Rusty and his crew have nailed their most recent project, but in the construction world, you never know what wrenches will get thrown into the works! Let’s see what challenges they’re about to face.

Cancellations

Canceling the Entire Job

One day, Rusty and his construction crew were busy working on a project when he got a call from the client.

“Hey, Rusty, here’s the thing…” began the client, “We’re moving our entire operation to another part of town. So you know that building that you’re working on? We don’t need it any more. Just cancel the whole project.”

Well, the team was already in the middle of the job, but if the client didn’t need the building any more, it wouldn’t make sense to keep working on it. Two robots were waiting for the delivery of the windows and doors, and one was laying the bricks. Rusty ran up to each robot in turn and gave the news. The robots who were waiting for the deliveries got the message right away, so they packed up their things and got ready to go home.

Bot-3, who was laying the bricks, however, was hard at work with his headphones on, so he didn’t notice Rusty at first. After the final brick was laid, at last he looked up and saw Rusty signaling that everyone was about to head home, so he finally gathered his things and wrapped up.

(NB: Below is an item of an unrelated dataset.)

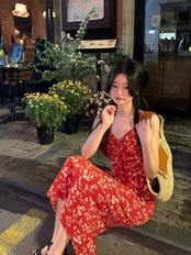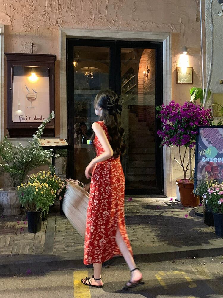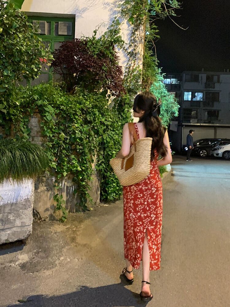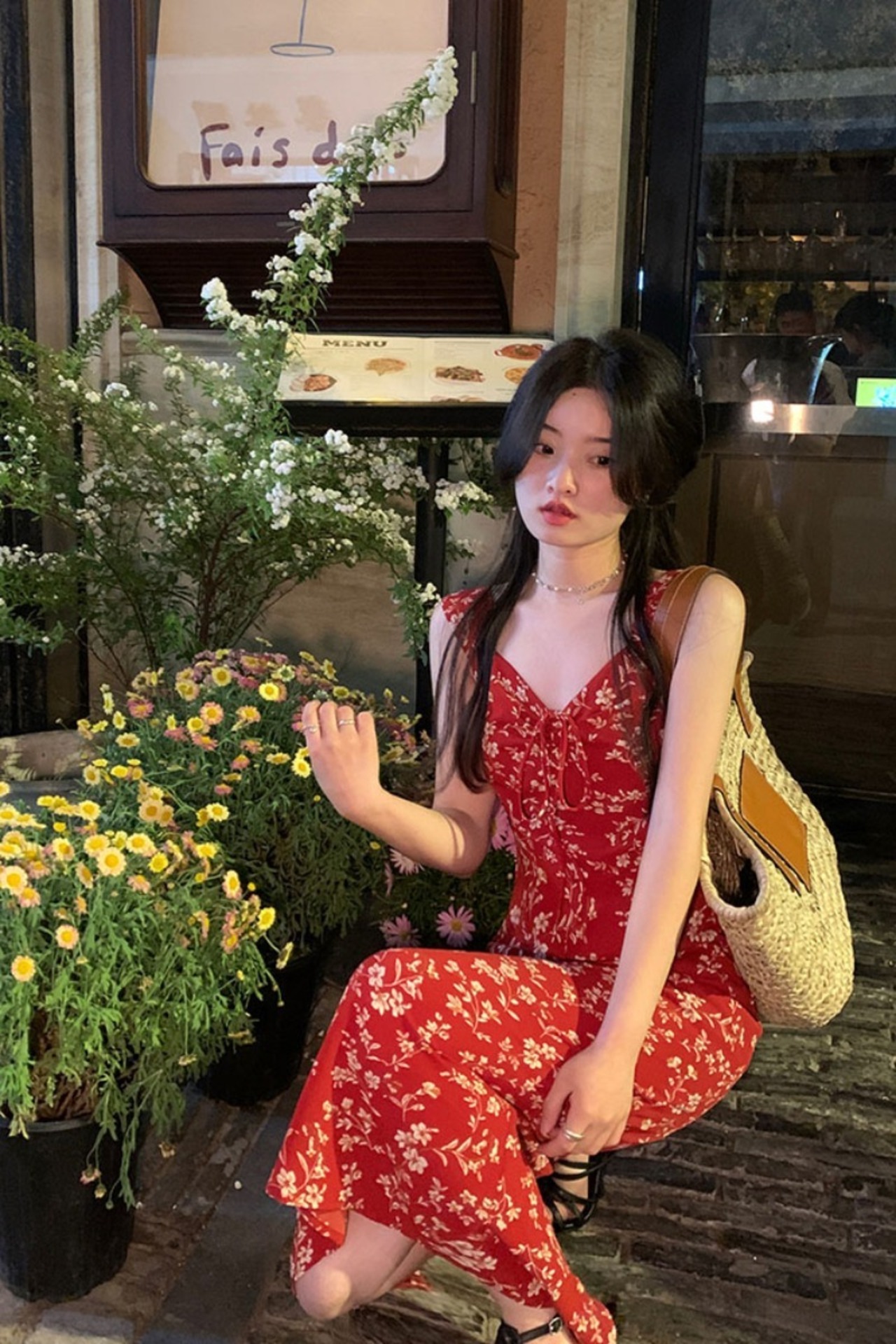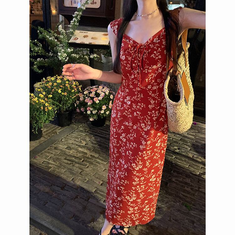 フレンチロマンチックな花柄 V ネックベストドレス女性の夏の 2023 新しいセクシーなスリムスリムミッドレングススカート潮 サマー 夏物 Vネック 0921971064006685
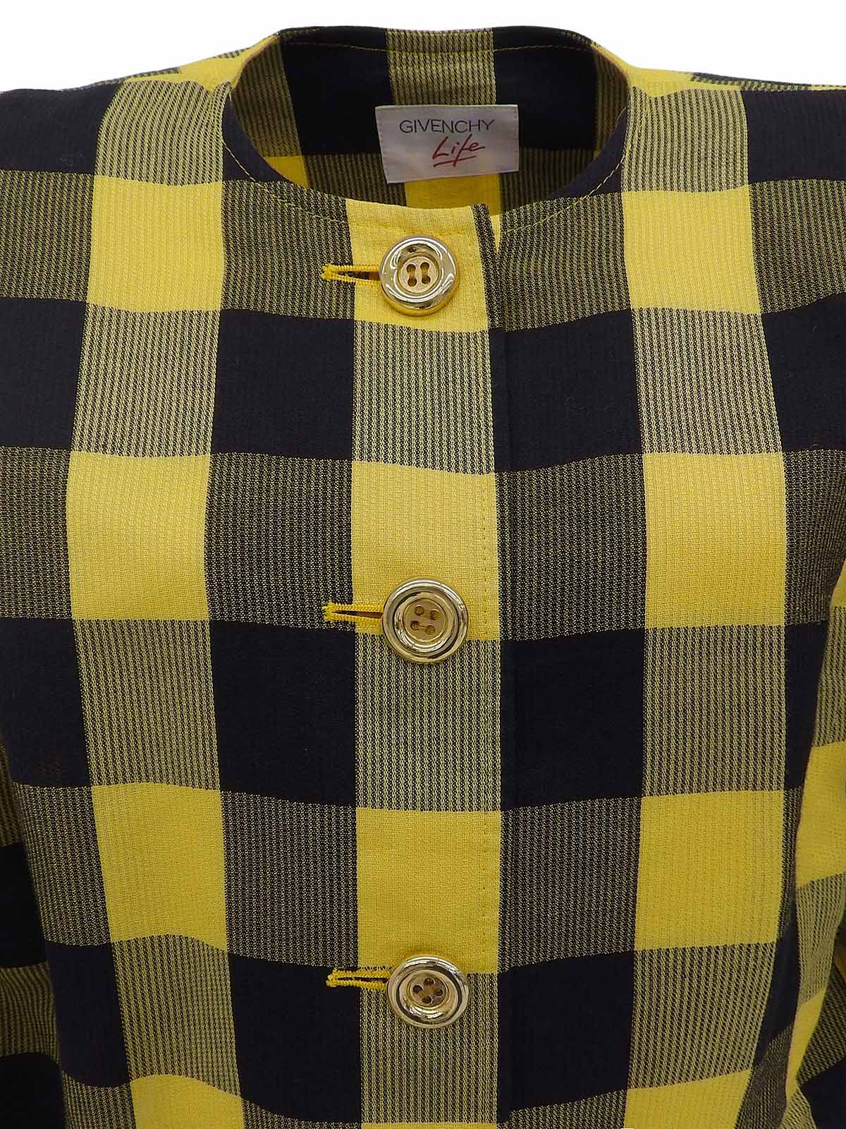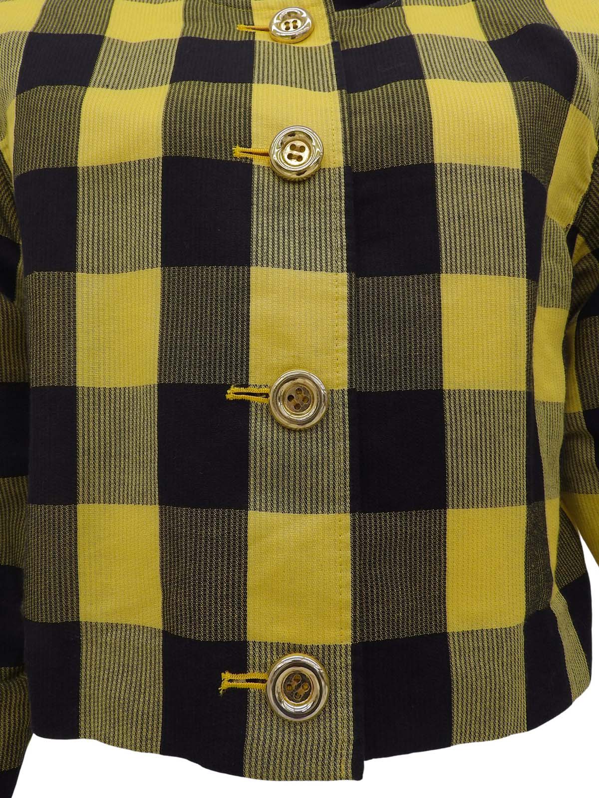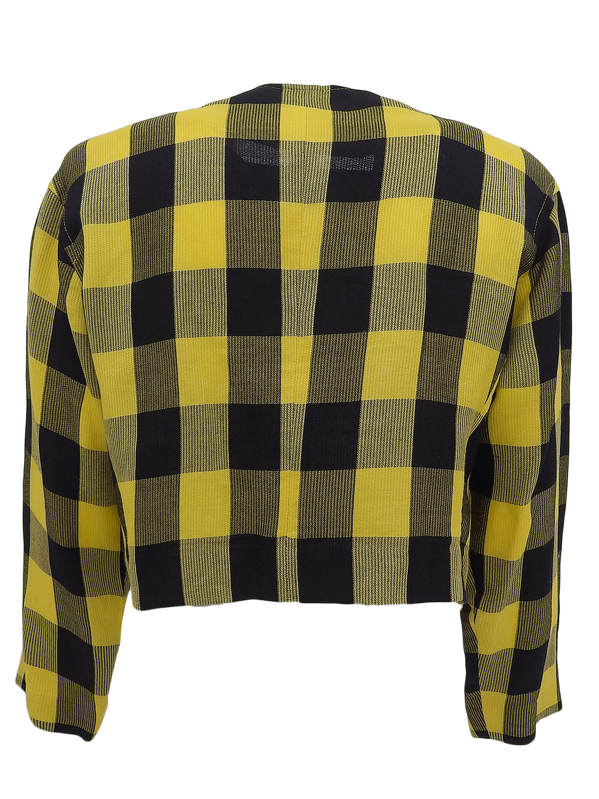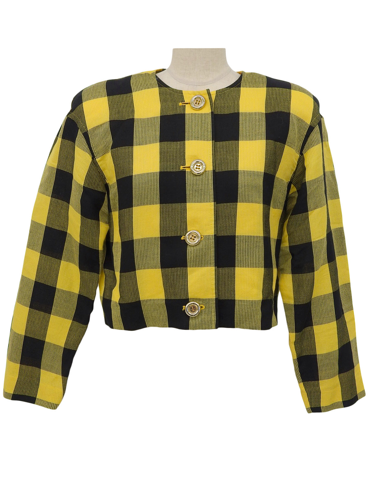 リネンブロックチェックパターンショートジャケット イエロー/ブラック

Canceling Top-Level Coroutines

Just like at the construction site, sometimes a coroutine job needs to get canceled. We can call a function named cancel() inside the lambdas that we pass to the coroutines builders. Let’s update our code so that we cancel the job after all the work has begun.

fun main() {
    runBlocking {
        val bricksJob = launch(Dispatchers.Default) {
            perform("laying bricks")
        }
        launch(Dispatchers.IO) {
            val windows = order(Product.WINDOWS)
            bricksJob.join()
            withContext(Dispatchers.Default) { perform("install ${windows.description}") }
        }
        launch(Dispatchers.IO) {
            val doors = order(Product.DOORS)
            bricksJob.join()
            withContext(Dispatchers.Default) { perform("install ${doors.description}") }
        }
        cancel()
    }
}

Running this, we’ll see output that looks something like this:

STARTING TASK   >>> laying bricks
ORDER EN ROUTE  >>> The windows are on the way!
ORDER EN ROUTE  >>> The doors are on the way!
FINISHED TASK   >>> laying bricks
Exception in thread "main" kotlinx.coroutines.JobCancellationException: 
BlockingCoroutine was canceled; job=BlockingCoroutine{Canceled}@7006c658

By calling cancel(), we got a JobCancellationException. And just like at Rusty’s work site, the bricks task was not interrupted. In a moment, we’ll learn why this happened. For now, let’s take a closer look at how cancellation works.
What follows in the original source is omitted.